We can see a few trends.  First, there’s a general reduction in production with time.  This could be because


  1. I’m getting lazy and washing the panels less frequently as time goes on.
  2. There’s some degradation in panel performance over time.  To be eligible for government rebates they must have at least 80% of rated efficiency after 25 years.
  3. The weather has been getting cloudier over the last few years.  Or hotter (high temperatures reduce panel efficiency drops as the temperature increases).
  4. A degradation in inverter performance over time.





It’s really difficult to separate these effects.  I used an insolation sensor and over/under panel thermometers for a while to try and model the effects of cloud and temperature but there was so much daily variation and sensor inaccuracy that the results were inconclusive.   But there seems to be a general loss of 1.2% per year in output.  I’ll try to get on the roof and wash the panels more frequently this year, but it’s difficult to justify the use of water in drought years.

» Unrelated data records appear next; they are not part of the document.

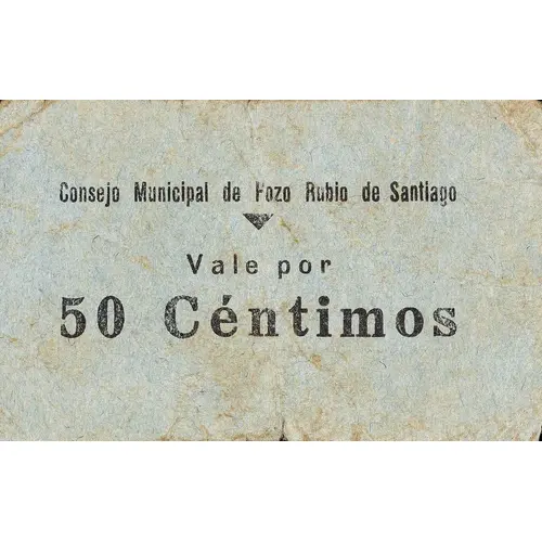 | Obverse lettering | Consejo Municipal de Pozo Rubio de Santiago Vale por 50 Céntimos (Translation: Municipal Council of Pozo Rubio de Santiago Voucher for 50 Centimos) |
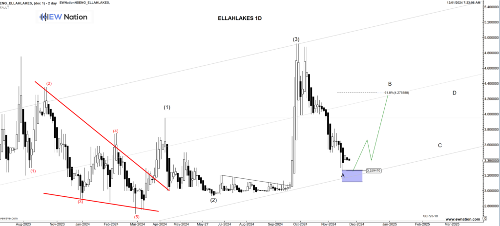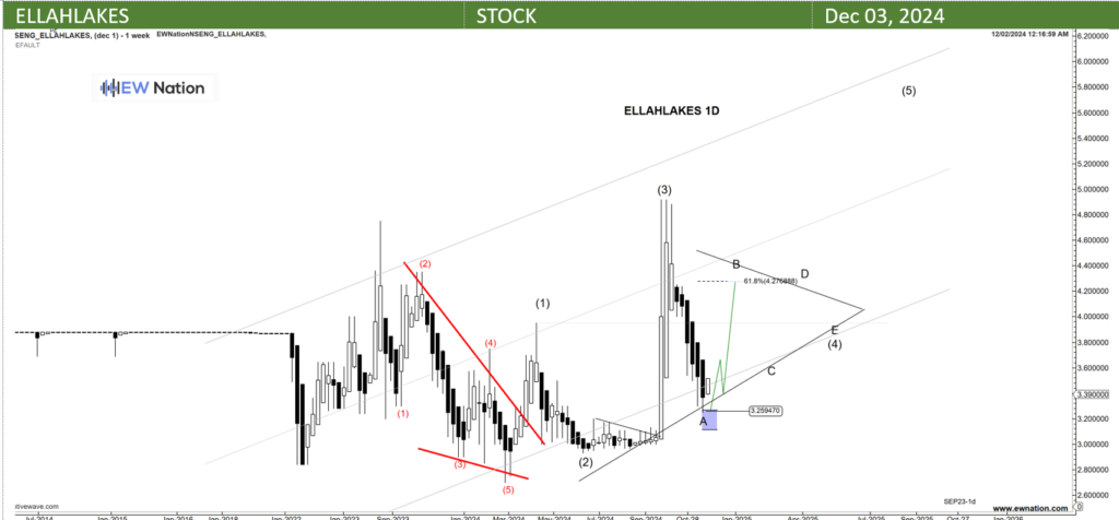 Ellahlakes completed Wave 3 at 4.93. The current sell off is a wave A of a triangle A-B-C-D-E. Target for wave A reversal is 3.1-3.25 region. According to the Elliot wave theory, we expect to have a reversal for the commencement of Wave B towards the 61.8 of the Wave A at the 4.27 region.
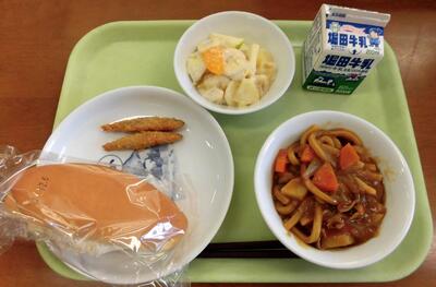 今日の給食のメニューは、コッペパン、カレーうどん、ヨーグルト和え、きびなごフライです。
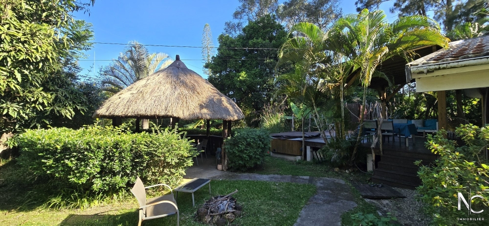Dans le jardin, sont installés un joli faré ainsi qu'une buanderie.
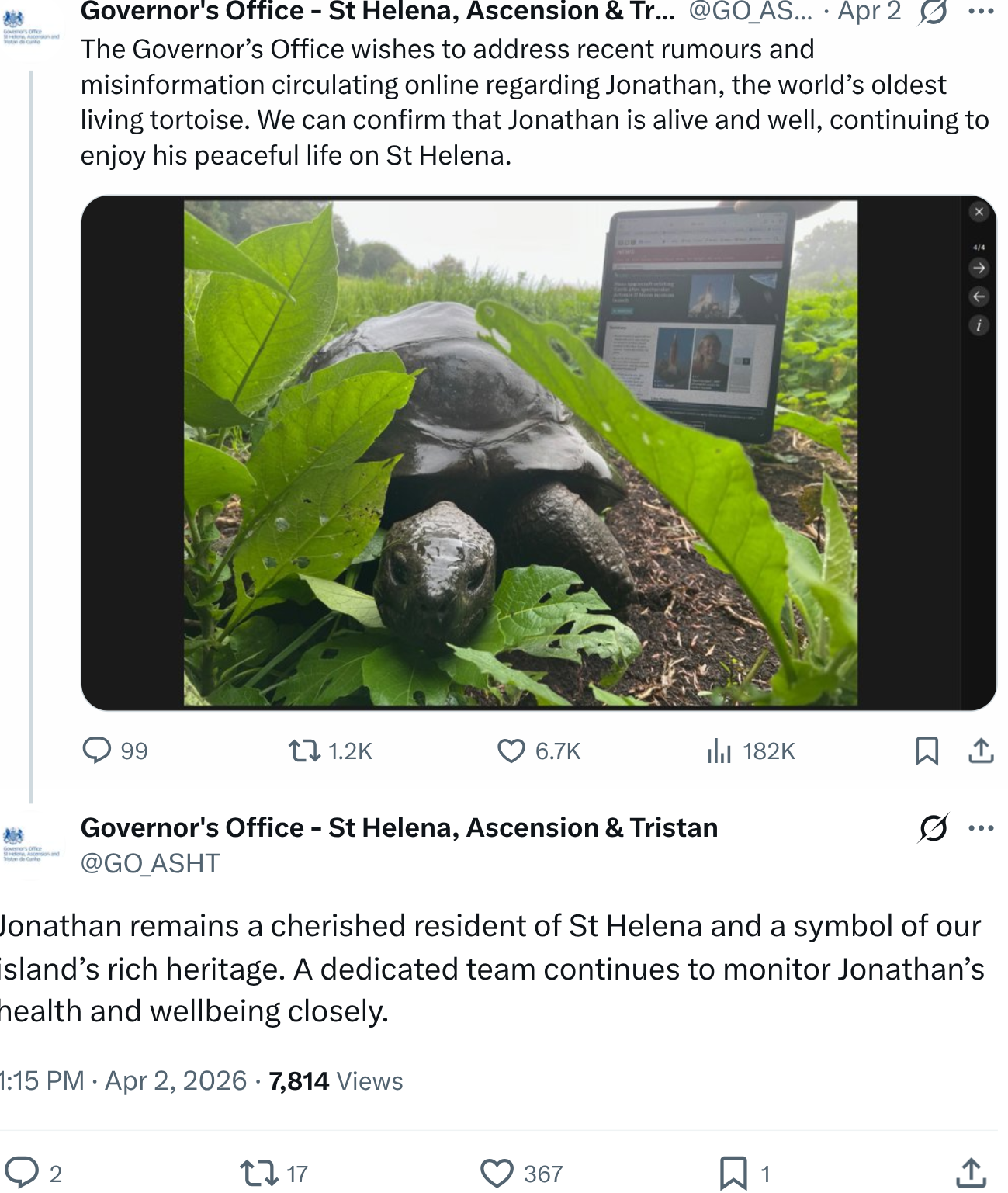 Інформація з’явилася 1 квітня в X: акаунт, що маскувався під ветеринара Джо Холлінса, заявив, що Джонатан помер. У дописі описували багаторічний догляд за твариною — від годування з рук до спостережень за її звичками. Пост швидко розлетівся платформою і вийшов за її межі — новину підхопили навіть великі медіа.
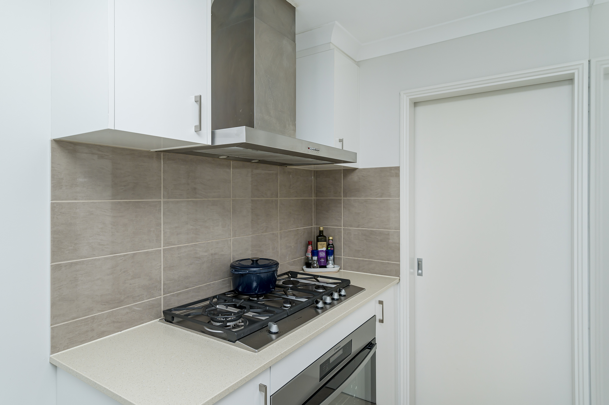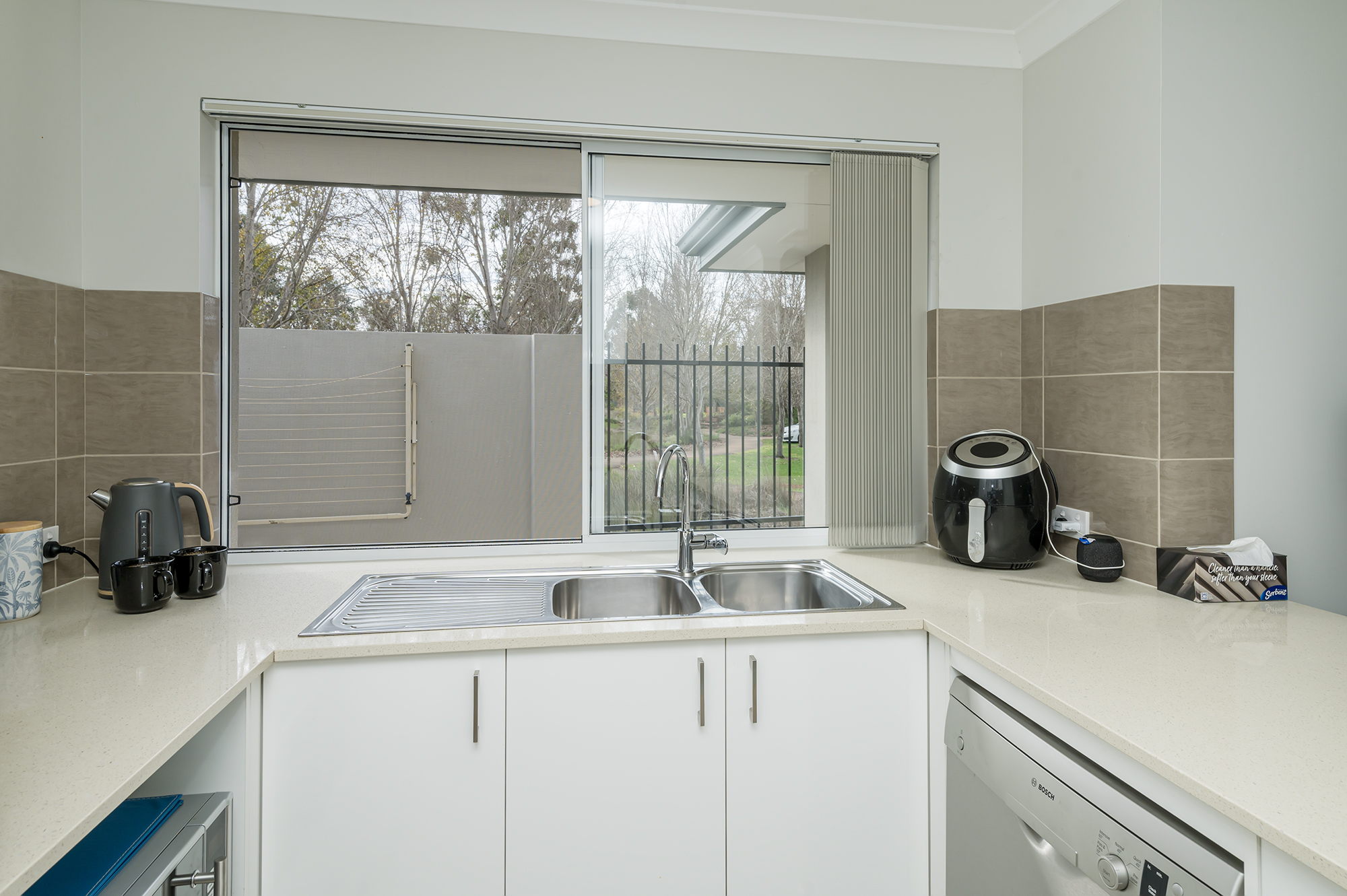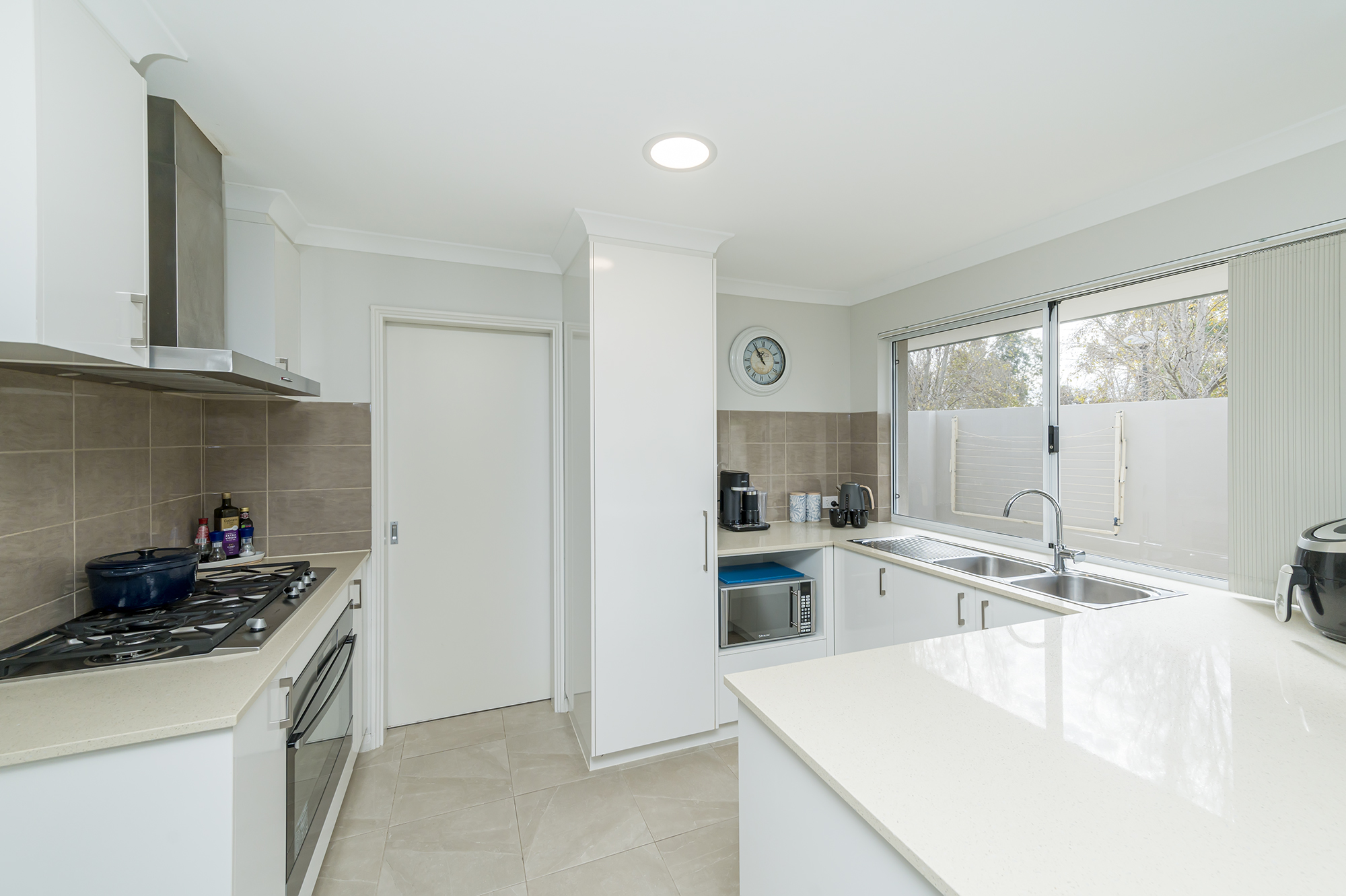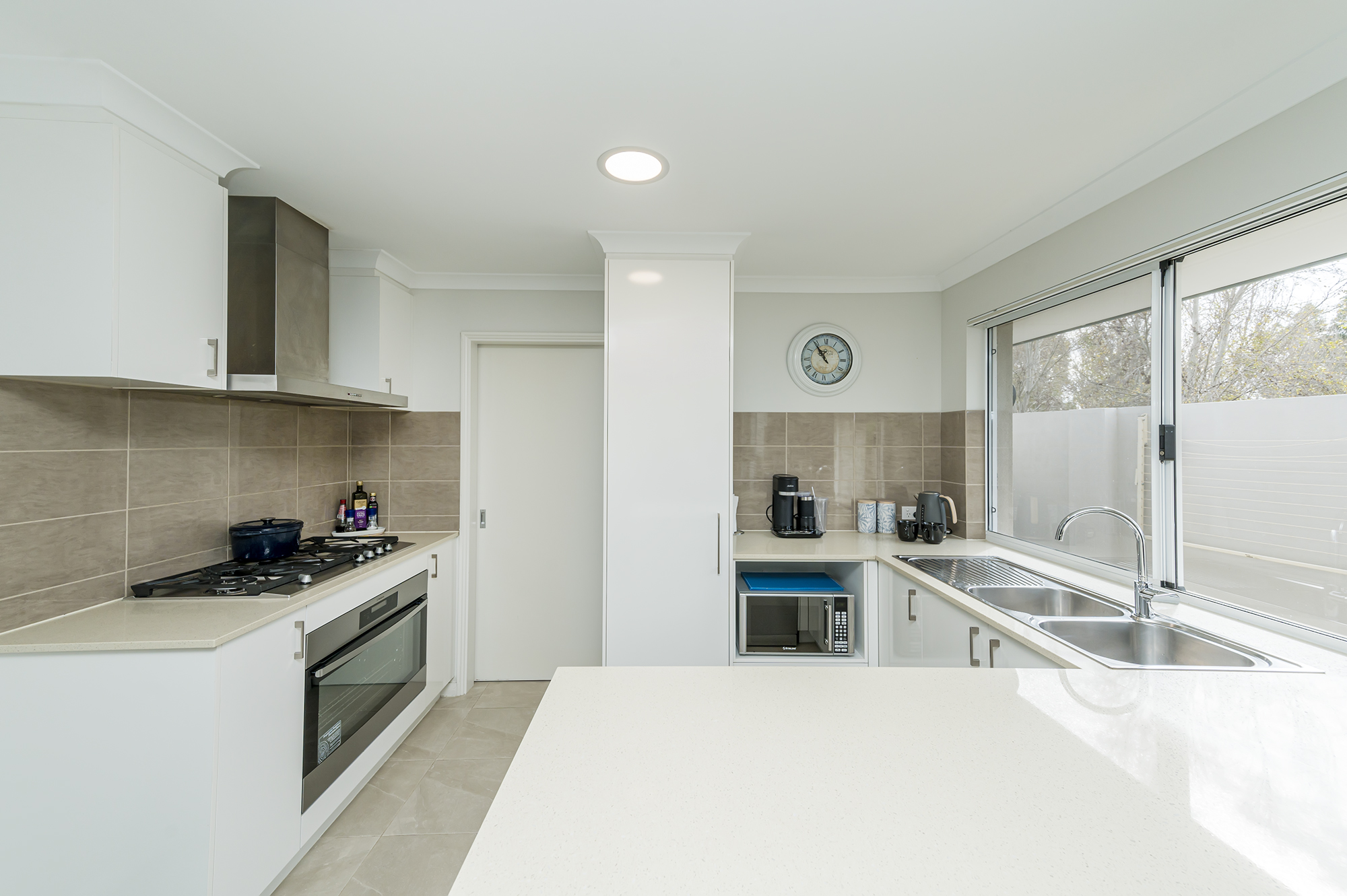 Contemporary kitchen overlooking park rees, features quality stainless steel appliances, pantry, ample cupboards and bench space

Here’s a graph showing maximum/minimums for equivalent weeks through the year.  There’s a pretty wide spread, mostly attributable to weather conditions, I think.





In winter months, we see about +-40% variation, while even in mid-summer it’s about +-25% so that’s a large variation.  And remember, this is from weekly data – daily readings would show even more variation.


Financial considerations



Since PG&E replaced our electricity meter and changed the way it presents its monthly bill, it’s difficult to get separate peak/off-peak readings which means I can’t easily calculate the true value of electricity savings.  Also, since early 2013 we have an electric car which charges overnight, so that makes cost savings before/after inconsistent. Therefore the $ figures above are based on the US Energy Information Administration figures for average California residential rates.  Prices are not inflation-adjusted.

The total savings to date are about $8176, so we are on our way to a 15-year payback (ignoring inflation).  This is about what was expected initially – with the declines in panel and installation costs (albeit offset by declines in rebates) since 2007, payback for most California residents should be less than 10 years as of 2016.

And, as a footnote, since we acquired the Tesla our electricity consumption has increased, some annual figures:

–         Household electricity consumption (net of car)                 8500 kWh

–         Electricity generated by solar panels                                   6500 kWh

–         Electricity used by electric car                                             2500 kWh

Which has the effect of increasing our consumption of course, but the interesting thing is that this makes the solar more valuable because it offsets the most expensive electricity first, due to the net-metering tariff.  But there’s a counter-offset in that our off-peak electricity use in certain months rises considerably, taking us over the 200+%-of-baseline, which makes even off-peak electricity quite expensive.  But that’s a more involved calculation, for another time.